Welcome to our second Ray meetup, where we focus on Ray’s native libraries for scaling machine learning workloads.
We'll discuss Ray Train, a production-ready distributed training library for deep learning workloads. And will present TorchX and Ray Integration. Through this integration, PyTorch developers can submit PyTorch-based scripts and workloads to a Ray Cluster using TorchX’s SDK and CLI via its new Ray Scheduler.
6:00 PM Welcome remarks, Announcements & Agenda by Jules Damji, Anyscale. Inc
6:05 PM “Ray Train: For production-ready distributed deep learning” Will Drevo, Amog Kamsetty & Matthew, Anyscale, Inc.
6:40 PM Q&A
6:50 PM “Large scale distributed training with TorchX and Ray” by Mark Saroufim, Meta AI
7:30 PM Q&A
Today, most frameworks for deep learning prototyping, training, and distributing to a cluster are either powerful and inflexible or nimble and toy-like.
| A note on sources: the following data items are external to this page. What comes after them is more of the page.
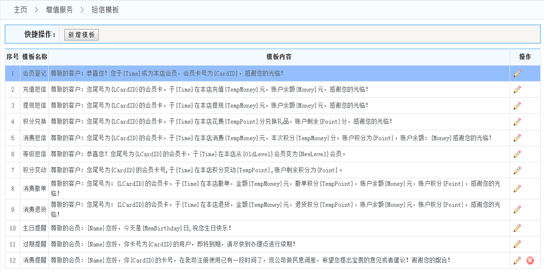 系統(tǒng)模版: 一到十一為系統(tǒng)內(nèi)置模板只可以修改不可以刪除(包含積分變動、等級短信、消費短信、積分兌換、提現(xiàn)短信、充值短信、會員登記;)十二以后為用戶自定義短信模板,可編寫,可刪除
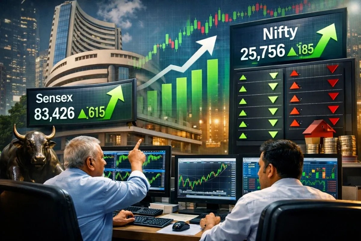 Share Market News: भारतीय शेयर बाजार में आज हफ्ते के पहले कारोबारी दिन सोमवार को अच्छी-खासी तेजी देखी जा रही है। ट्रंप टैरिफ के रद्द होने का असर आज बाजार पर देखने को मिल रहा है। बॉम्बे स्टॉक एक्सचेंज का सूचकांक सेंसेक्स आज शुरुआती कारोबार में 0.73 फीसदी या 615 अंक की बढ़त के साथ 83,426 पर ट्रेड करता दिखाई दिया। शुरुआती कारोबार में सेंसेक्स के 30 शेयरों में से 25 शेयर हरे निशान पर और 5 शेयर लाल निशान पर ट्रेड करते दिखे। उधर नेशनल स्टॉक एक्सचेंज का सूचकांक निफ्टी इस समय 0.72 फीसदी या 185 अंक की बढ़त के साथ 25,756 पर ट्रेड करता दिखा।
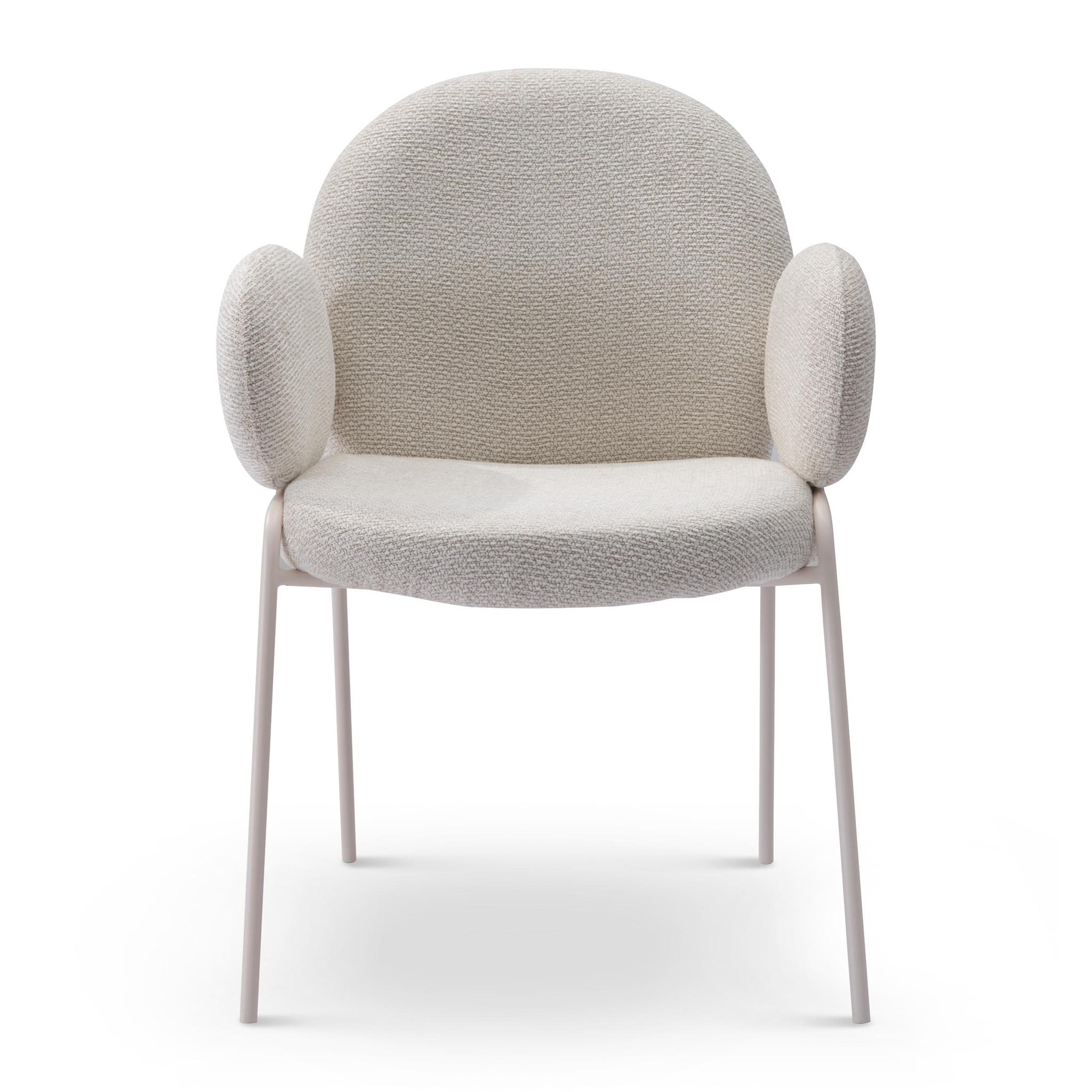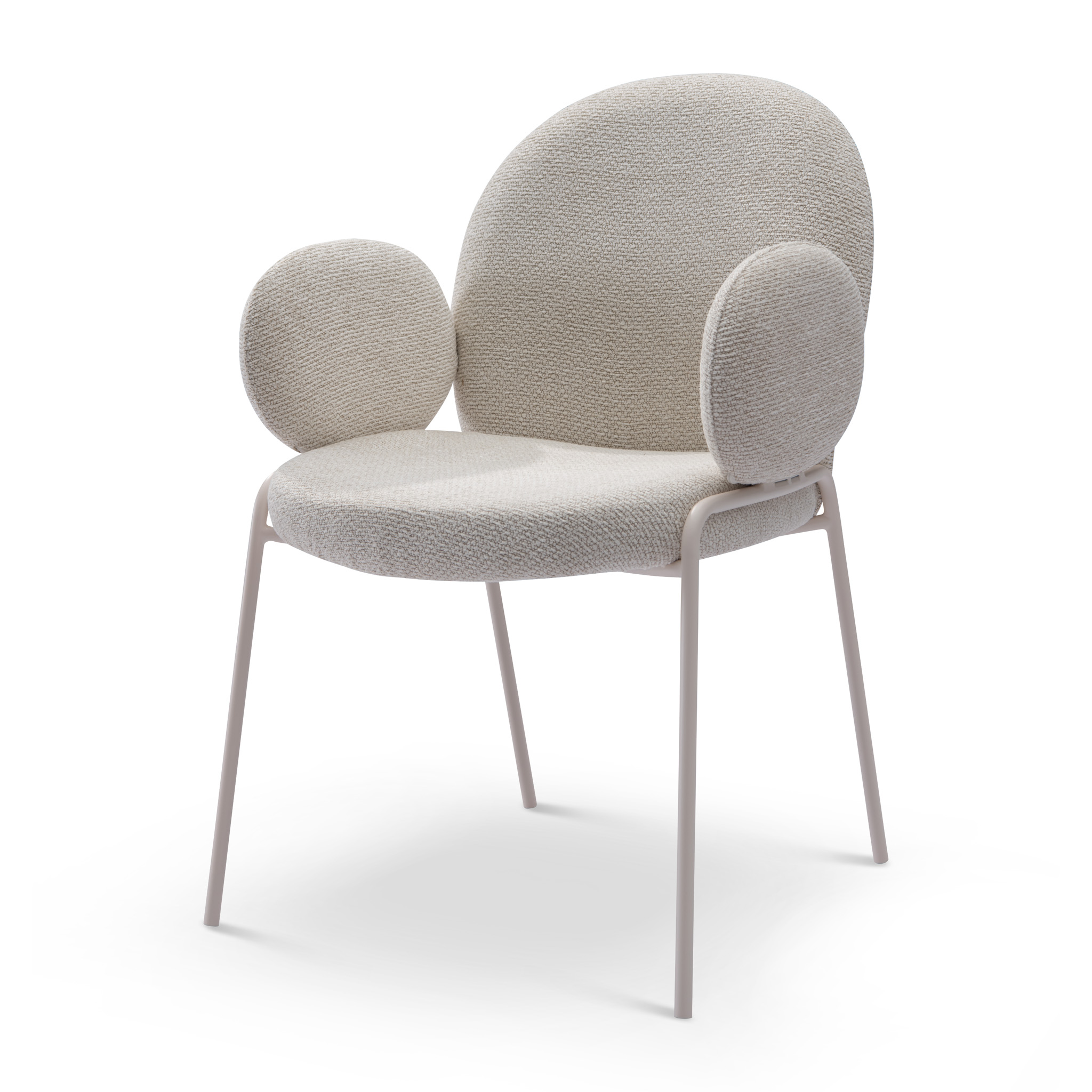 La silla de comedor de tela blanca con patas de metal en color crema es una opción elegante y moderna para tu mesa de comedor. El blanco de la tela brinda un aspecto limpio y luminoso, mientras que las patas de metal en tono crema añaden un toque de contraste y sofisticación al diseño de la silla.

Data scientists are forced to choose between a great developer experience and a production-ready framework.
To fix this gap, the Ray ML team has developed Ray Train.
Ray Train is a library built on top of the Ray ecosystem that simplifies distributed deep learning. Currently, in stable beta in Ray 1.9, Ray Train offers the following features:
Scales to multi-GPU and multi-node training with zero code changes
Runs seamlessly on any cloud (AWS, GCP, Azure, Kubernetes, or on-prem)
Supports PyTorch, TensorFlow, and Horovod
Distributed data shuffling and loading with Ray Datasets
Distributed hyperparameter tuning with Ray Tune
Built-in loggers for TensorBoard and MLflow
In this session, we'll talk through some of the challenges in large-scale computer vision ML training, and show a demo of Ray Train in action.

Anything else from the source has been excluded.